I am confused about a method used in the following problem. There is an arrangement as shown below. The surface is smooth, and the pulleys are light. We have to find the acceleration $a_0$ of $m_1$.
The method I used to solve it was to consider the pulley B and masses $m_2$ and $m_3$ as a single system that goes down with the same acceleration as that of $m_1$. If this acceleration be $a_0$, then the equations of motion give $$a_0=\frac {m_2+m_3}{m_1+m_2+m_3}g$$
However, the textbook solution treats motions of all objects individually, where $m_1$ has an acceleration $a_0$, $m_2$ has an acceleration $a_0-a$ and $m_3$ has an acceleration $a_0+a$, all from the lab frame(inertial). The answer calculated thus does not match with mine.
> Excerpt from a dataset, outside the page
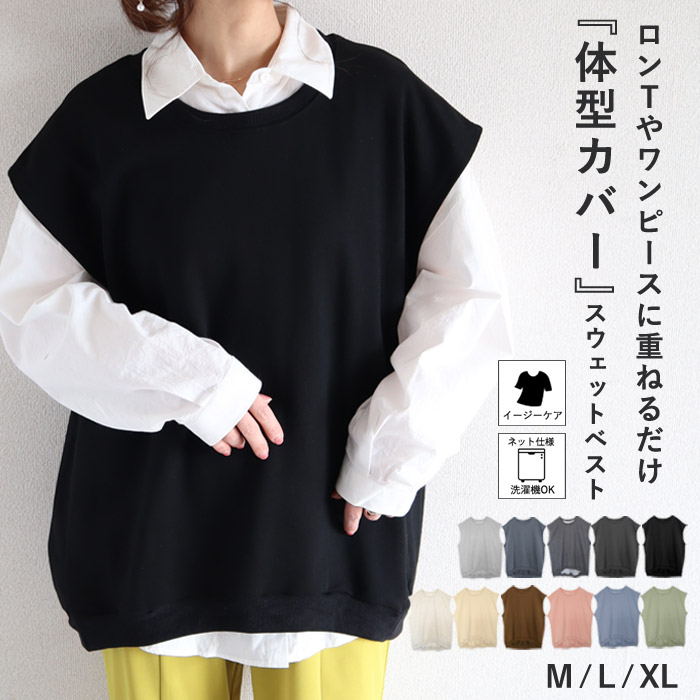 ベスト トップス レディース トレーナー スウェット ジレ 春 夏 秋 冬 黒 おしゃれ かわいい プルオーバー レイヤード 無地 [郵3]^t015^

The texbook gives $$a_0=\frac {g}{1+ \frac {m_1(m_2+m_3)}{4m_2m_3}}$$
The question is, what is the problem with considering the pulley B and the masses $m_2$ and $m_3$ as a single system of mass $(m_2+m_3)$? Or do we have to take some precautions, when the system is accelerated? (The textbook solution is perfectly alright and I understood it too, but what is the problem with mine?)
Best Answer
The vertically moving object is an Atwood machine and the two masses have their own accelerations that are in different directions. The acceleration of $m_2$ and $m_3$ (separate from the total system) is given by $$ a=\frac{m_3-m_2}{m_2+m_3}g\tag{1} $$
Mass $m_2$ is accelerating upwards, hence the acceleration in your case of $a_0-a$; likewise mass $m_3$ is accelerating downwards with an acceleration of $a_0+a$.
Newton's 2nd law says that the sum of the forces is equal to $ma$, so you should be using all the forces in the set up.